SearchStorageUK: 3PAR has only just made a profit for the first time. It's a bad time – economy-wise – to be only just making a profit. Why will 3Par survive a major recession, periods when industries usually see major bouts of consolidation?
Scott: We believe there is a unique opportunity for 3PAR to become the third major storage company after EMC and NetApp because large independent IT companies emerge when changes occur in the architectural environment. EMC arose on the back of mainframe computing, NetApp rode the wave of client/server architectures. 3PAR has the same opportunity with utility computing. It's a real opportunity and we are taking large amounts of market share and have an annual growth rate of 80%.
Scott:Utility computing is enabling a major transformation in enterprise IT delivery, bringing a cloud computing-type delivery model that enables both software- and hardware-as-a-service from a central location.
In the next 15 to 20 years we will see enterprise IT change like industry's use of power did in the early part of the 20th century – from each factory having its own steam engine in the 1900s to everyone buying electricity as a service from the 1930s. What is needed to create a utility storage environment is to generate a shared virtual environment for flexible workload consolidation.
SearchStorageUK: How does one accomplish that?

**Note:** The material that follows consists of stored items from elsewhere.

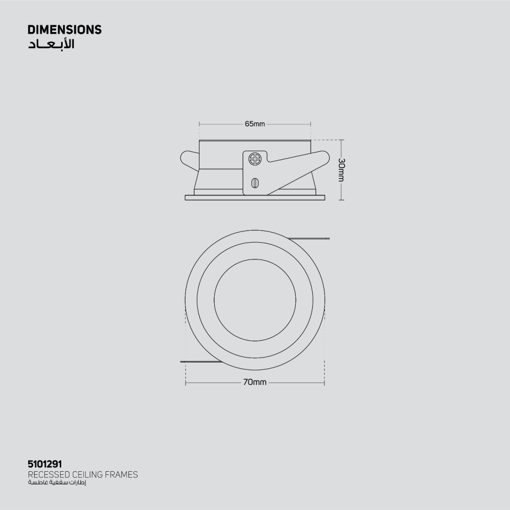 أبعاد التثبيت (مقاس القص): القطر 65 مم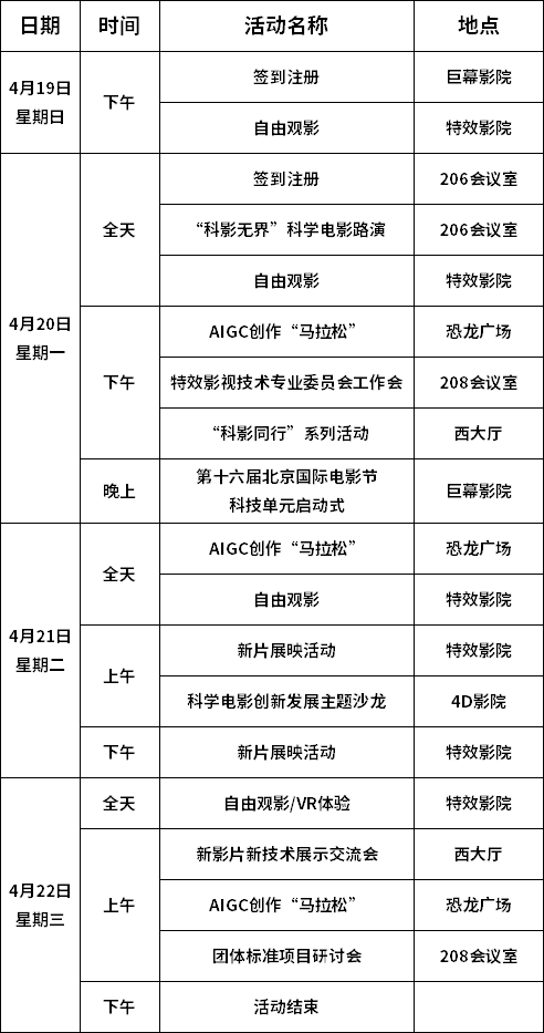 2026年是“十五五”规划开局之年。第十六届北京国际电影节科技单元暨中国科学技术馆特效电影展映将坚持以习近平新时代中国特色社会主义思想为指导,深入贯彻落实党的二十届四中全会精神,围绕“推进电影科学与艺术深度融合、加快发展科学电影文化新质生产力、推动科学电影产业高质量发展”目标,以“爱上科学电影”为主题,设置科影同行、科影无界、未来之翼等板块,旨在通过打造高新科学电影技术交流展示、创新资源汇聚及行业信息共享平台,构建科学电影服务和行业创新发展新高地。现将有关事项通知如下: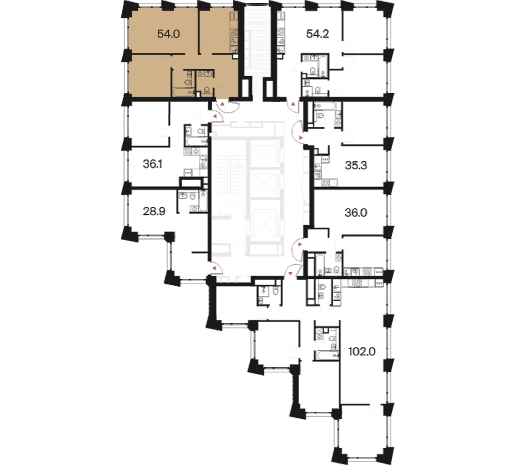 | Площадь кухни | 10.3 м2 | Жилая площадь | 28.4 м2 |
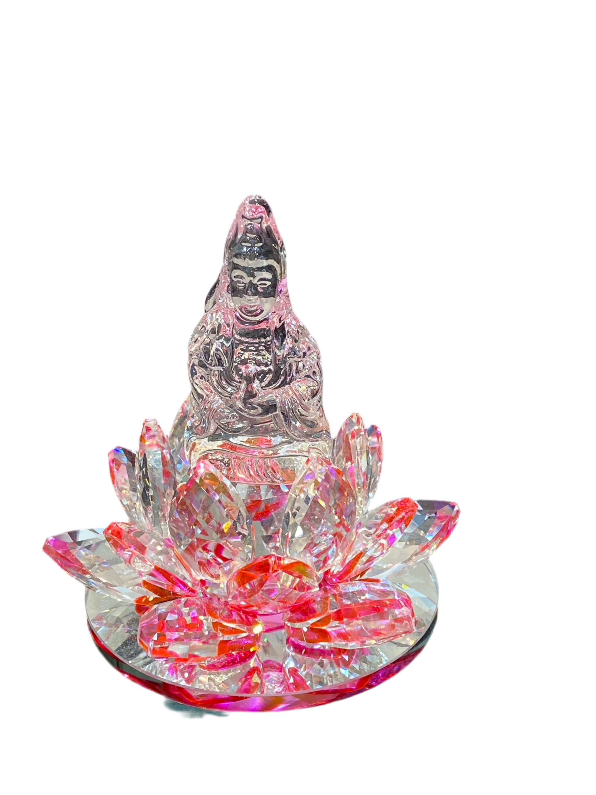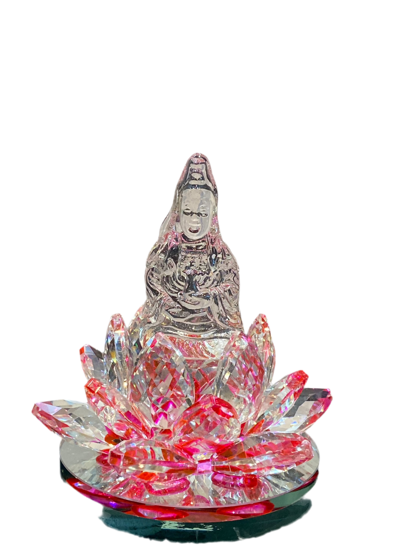 Crystal Kuan Yin sitting on a Lotus Hot Pink embodying the flame of mercy and compassion.

Scott: Three capabilities that traditional storage arrays lack are very important here. First, there is a need for agility that flows from the challenge of not being able to predict service requirements and the need to offer multiple levels of service. The core architectures of EMC, HDS and NetApp are not designed to give that agility and are preconfigured for a known deployment, such as an SAP implementation.

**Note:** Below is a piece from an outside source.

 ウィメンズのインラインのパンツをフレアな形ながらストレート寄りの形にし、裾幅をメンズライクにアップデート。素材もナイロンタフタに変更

Secondly you also need tremendous efficiency. You win or lose as a service provider on the basis of cost-per-transaction at a given service level. Service providers look at all elements of cost and the problem with traditional storage arrays is that they suffer from poor utilisation.
The final requirement is resilience with security. Traditional high end arrays deliver good availability but need protection from other users and the possibility of disruption from the "accidental" loss of a LUN. To create a logical virtual private array, you need a virtualised OS, giving something like the chunklets, regions and pages we have that provide individual, local private arrays instead of the hardware partitioning that gives dedicated capacity individual customers.

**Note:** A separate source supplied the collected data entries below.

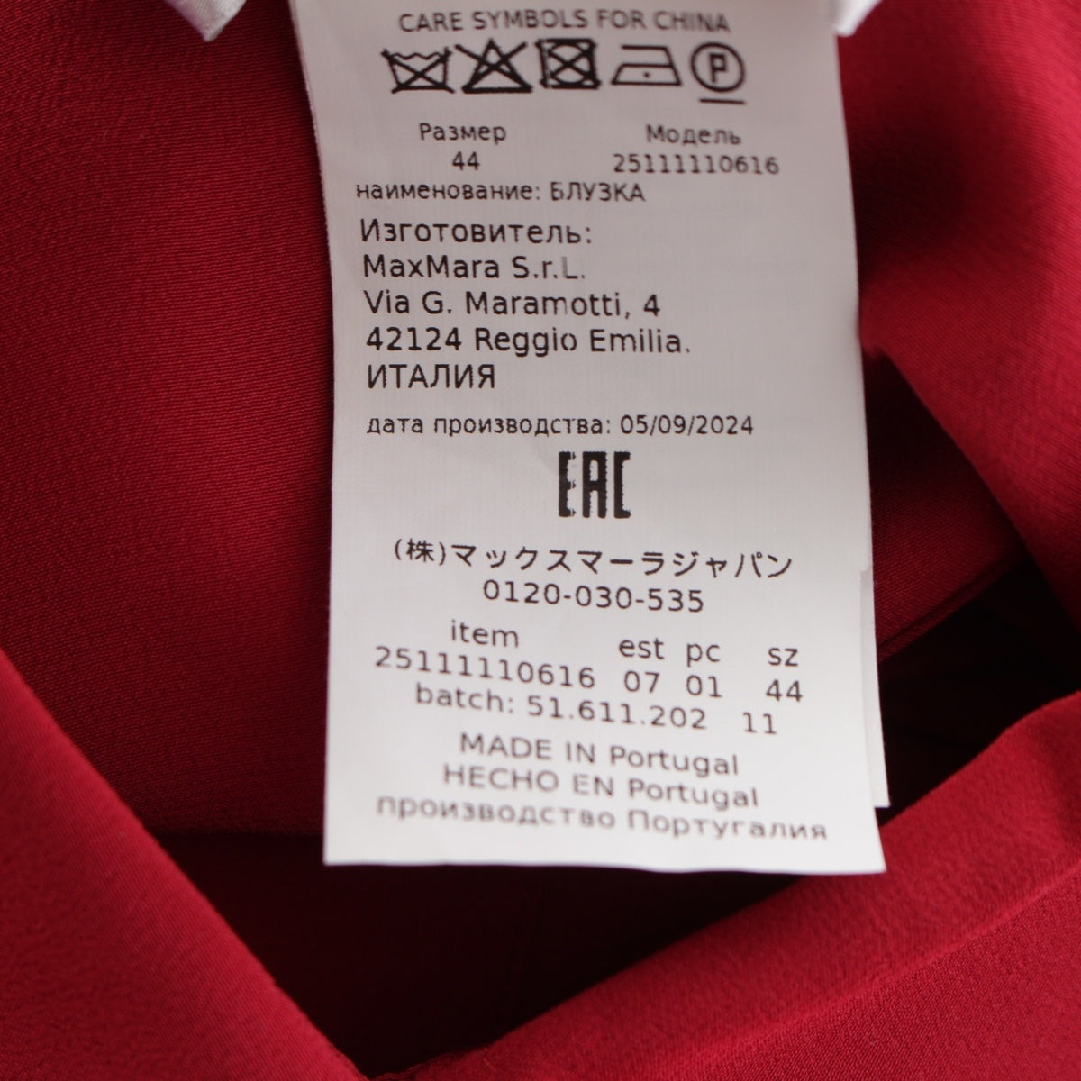 MAX MARA APOLLO Pure Silk Bow tie blouse shirt 25111110616 Red 44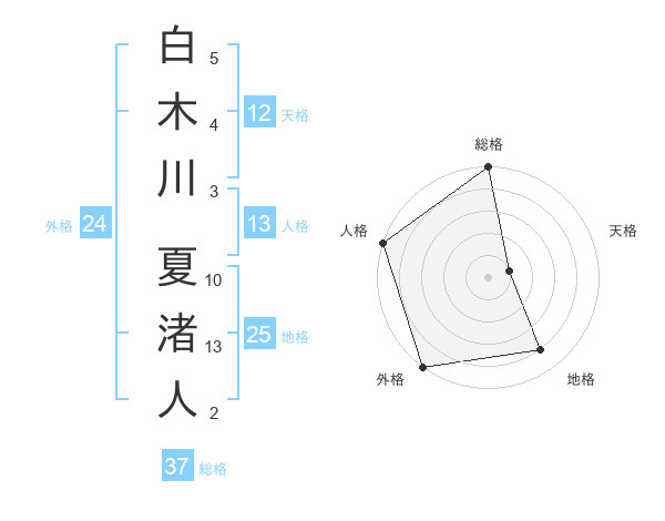 白木川 夏渚人さんの外格は24画の5点!
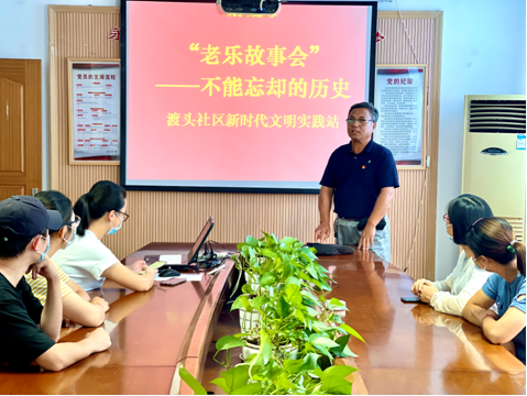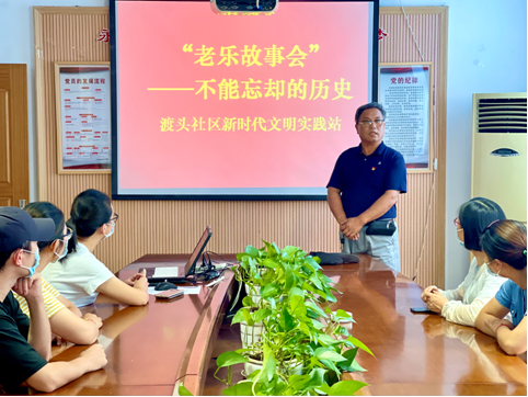 9月3日是抗日战争胜利76周年纪念日,为了铭记这段饱含血与泪的历史,缅怀先烈,弘扬伟大抗战精神,渡头社区新时代文明实践站在文化礼堂二楼会议室开展“老乐故事会”宣讲活动。

SearchStorageUK: How do you feel when you see your competitors incorporating thin provisioning into their storage products?
Scott: In the last 18 months EMC, HDS etc. have incorporated thin provisioning into their products. But there are limits to how far the big storage vendors can do that with our technology. The problem for these companies is analogous to the problem of obesity. Likewise EMC, HDS and NetApp can't help being fat. Their architecture was never built with the granularity needed for this. To them, a disk is a disk.
With the 3PAR InForm operating system, we break disks down into 256 MB chunklets, 32 MB regions and 16 KB pages. EMC and HDS architectures naturally allocate much more, 42 MB in HDS's case.